Definition

Let’s first understand how the linear dependence/independence of functions is defined¹.

DEFINITION 1. Linear Dependence/Independence
A set of functions $f_1(x), f_2(x),\cdots f_n(x)$ is said to be linearly dependent on an interval $I$ if there exist constants $c_1, c_2, \cdots c_n$, not all zero, such that $$c_1f_1(x)+c_2f_2(x)+\cdots+c_nf_n(x) = 0$$ for every $x$ in the interval. If the set of functions is not linearly dependent on the interval, it is said to be linearly independent

In other words, a set of $n$ functions is linearly independent if the equation

\[c_1f_1(x) + c_2f_2(x)+\cdots+c_nf_n(x) = 0\]

is satisfied for all $x$ in the interval only when all coefficients $c_i(i=1,2,\cdots,n)$ are zero.

Now let’s look at how the Wronskian is defined.

DEFINITION 2. Wronskian
Suppose each of the functions $f_1(x), f_2(x), \cdots, f_n(x)$ possesses at least $n-1$ derivatives. The determinant $$W(f_1,f_2,\cdots,f_n) = \begin{vmatrix} f_1 & f_2 & \cdots & f_n \\ f_1' & f_2' & \cdots & f_n' \\ \vdots & \vdots & \vdots & \vdots \\ f_1^{(n-1)} &f_2^{(n-1)} & \cdots & f_n^{(n-1)} \\ \end{vmatrix}$$ where the primes denote derivatives, is called the Wronskian of the function.

Note that when the Wronskian $W$ is not equal to zero, we say that the set of functions $f_1(x), f_2(x), \cdots, f_n(x)$ is linearly independent.

It is important to note that just because the Wronskian $W$ is zero does not necessarily mean that the set of functions is always linearly dependent.
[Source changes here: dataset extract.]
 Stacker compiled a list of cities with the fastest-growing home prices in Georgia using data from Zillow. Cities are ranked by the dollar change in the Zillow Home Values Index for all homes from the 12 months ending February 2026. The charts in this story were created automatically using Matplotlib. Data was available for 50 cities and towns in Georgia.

Wronskian and Linear Independence Test

To understand the idea of the Wronskian, let’s consider the following process. For a set of functions $f_1(x), f_2(x), \cdots, f_n(x)$ that have at least $n-1$ derivatives, we can think of the following equation:

\[c_1f_1(x)+c_2f_2(x)+\cdots+c_nf_n(x) = 0\]
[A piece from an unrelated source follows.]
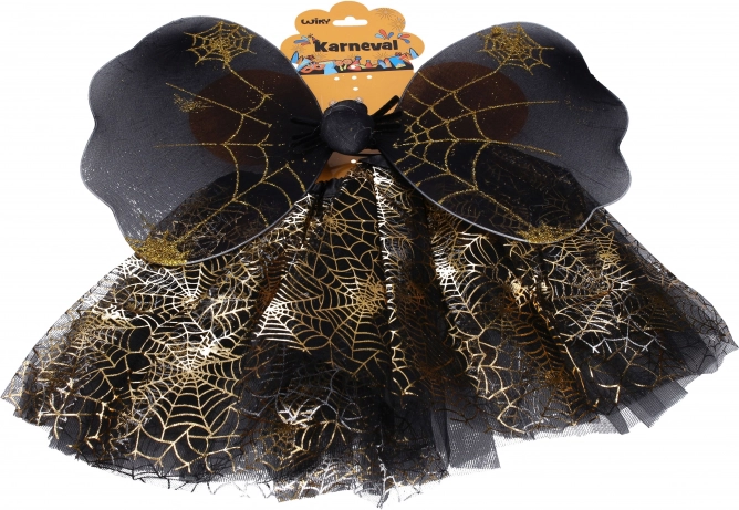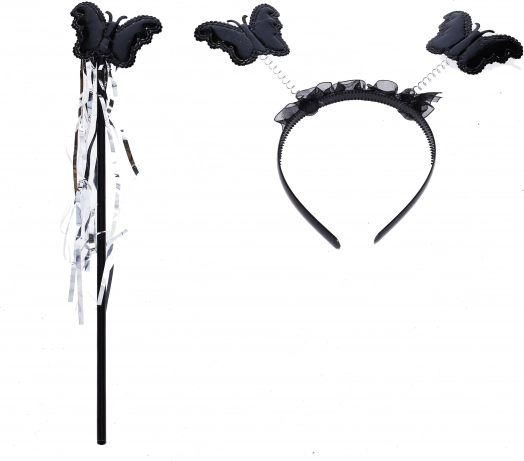 Stilvolles Karneval-Set für kleine Feen und Schmetterlinge in elegantem Schwarz. Enthält alles für eine schnelle Verwandlung: Flügel, Rock (Länge 29 cm), Zauberstab und Haarreif. Ideal für Karneval, Maskenball und Märchenkostüme.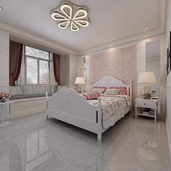 法式田园卧室给我的第一感觉就是温馨与美,其本身的白搭配墙砖的粉,满满的少女感与爱意,这或许也是设计师为了体现法式浪漫吧。其地面砖采用的是ELS13890S苏格三代,墙砖采用的是MC-205M清新隽永系列。

This equation represents a linear combination of the functions we initially wrote. Depending on the conditions, we can differentiate the above equation with respect to $x$ as follows:

\[c_1f_1(x) + c_2f_2(x)+\cdots+c_nf_n(x)=0\] \[c_1f_1'(x) + c_2f_2'(x)+\cdots+c_nf_n'(x)=0\] \[\vdots \notag\] \[c_1f_1^{(n-1)}(x) + c_2f_2^{(n-1)}(x)+\cdots+c_nf_n^{(n-1)}(x)=0\]
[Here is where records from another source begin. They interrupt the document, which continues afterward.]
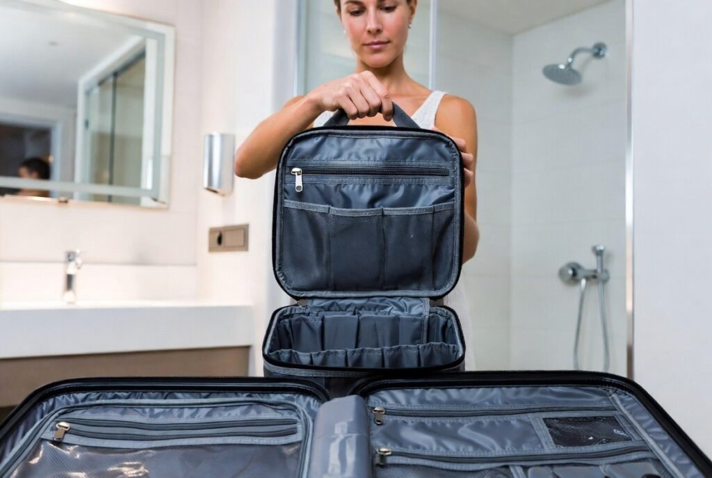 A foldable toiletry bag keeps all your essentials compact and accessible. Multiple compartments prevent spills and allow you to hang the bag in small hotel bathrooms. Once folded, it takes up minimal space inside your carry-on.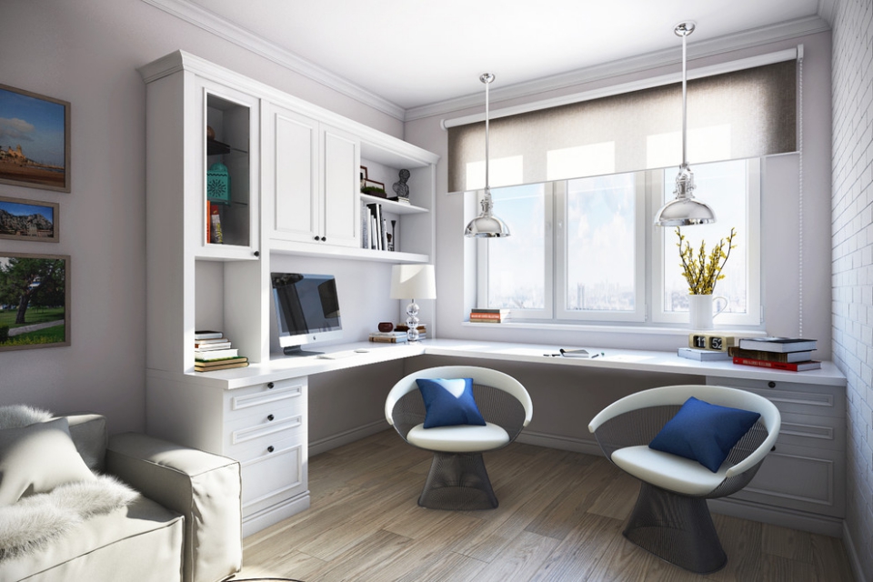 The white long table-sill is perfect for arranging the working space for one or two teenagers.Conciseness, minimalism and capacity characterize this option.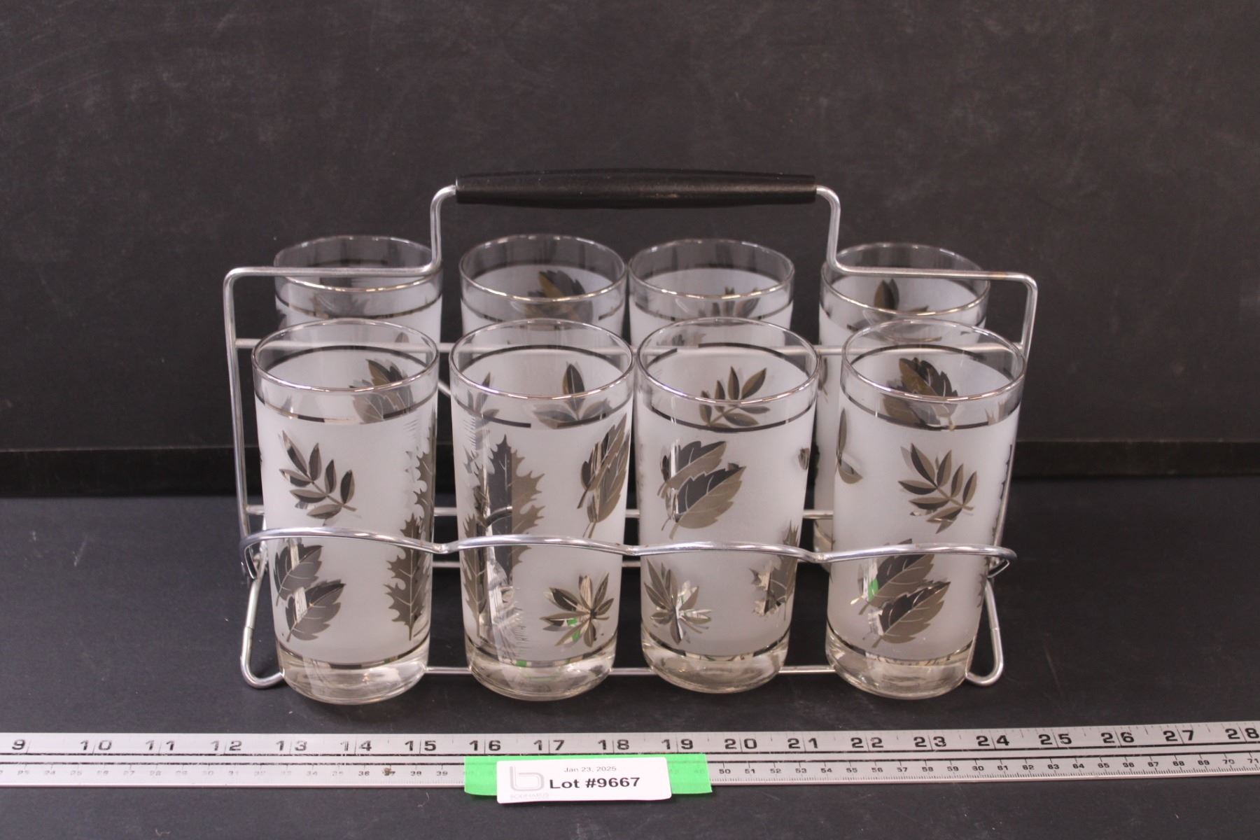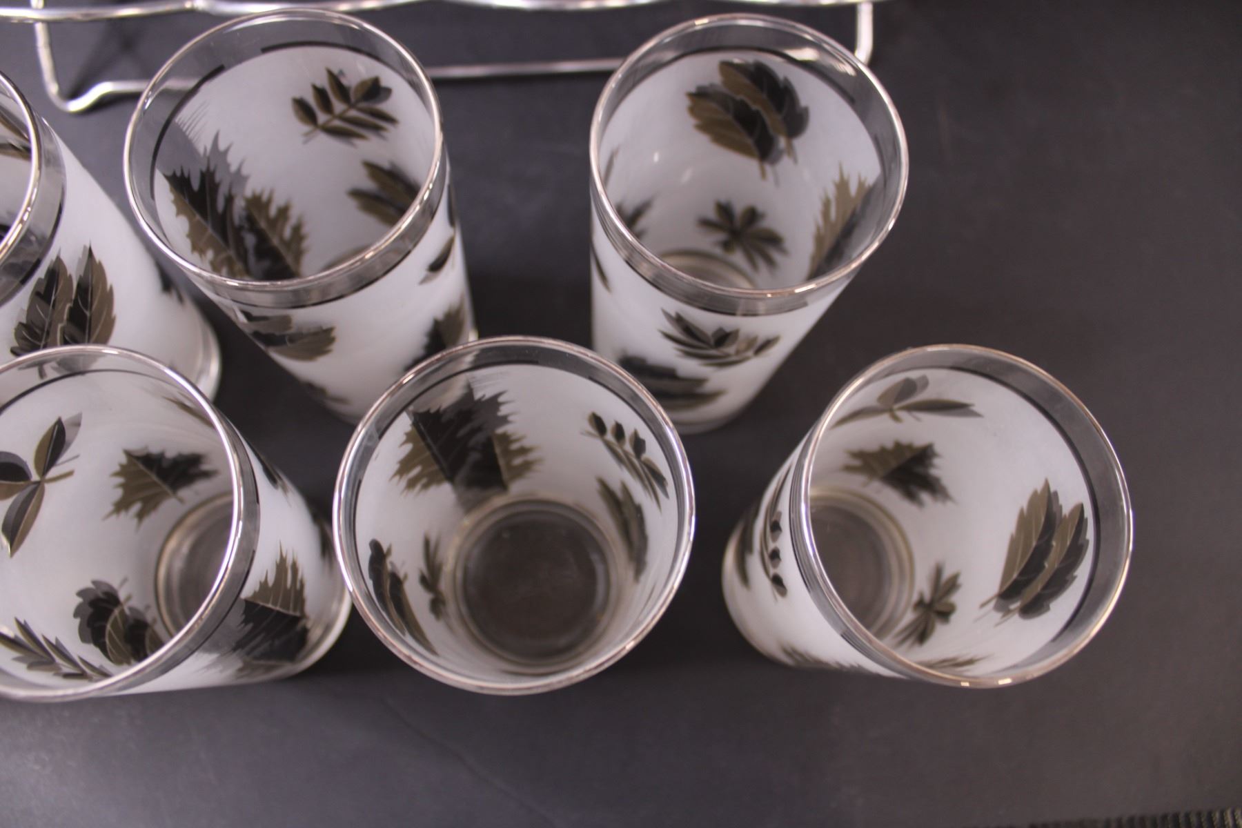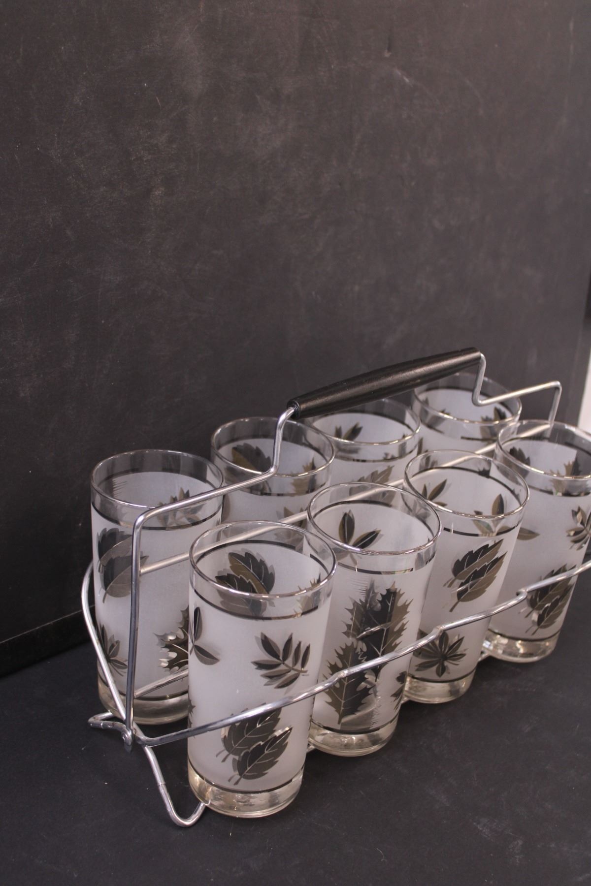 MCM Frosted Leaf Glass Set w/ Metal Caddy - Glasses (6" Tall) Holder (13" x 8" x 8")

Now we have obtained a system of $n$ simultaneous equations with $n$ unknowns $c_i(i=1,2,\cdots,n)$. We can represent these $n$ equations as a matrix and a vector multiplication.

\[\begin{pmatrix} f_1(x) & f_2(x) & \cdots & f_n(x) \\ f_1'(x) & f_2'(x) & \cdots & f_n'(x) \\ \vdots & \vdots & \vdots & \vdots \\ f_1^{(n-1)}(x) & f_2^{(n-1)}(x) & \cdots & f_n^{(n-1)}(x) \\ \end{pmatrix} \begin{pmatrix} c_1 \\ c_2 \\ \vdots \\ c_n \\ \end{pmatrix} = \begin{pmatrix} 0 \\ 0 \\ \vdots \\ 0 \\ \end{pmatrix}\]

Now let’s confirm the fact that we can determine linear independence using the Wronskian through a proof by contradiction.

In equation (8), the determinant of the matrix on the left-hand side is the Wronskian $W$. Let’s assume that the functions are linearly dependent even though $W \neq 0$.

This means that the matrix on the left-hand side of equation (8) has an inverse, and the only solution for $c_i(i=1,2,\cdots,n)$ is the zero vector.

According to the initial Definition 1, when the unique solution for $c_i$ is the zero vector, the function set $f_1(x), f_2(x), \cdots, f_n(x)$ is linearly independent. This is a clear contradiction.

Therefore, if the Wronskian is not equal to zero, the function set $f_1(x), f_2(x), \cdots, f_n(x)$ is always linearly independent.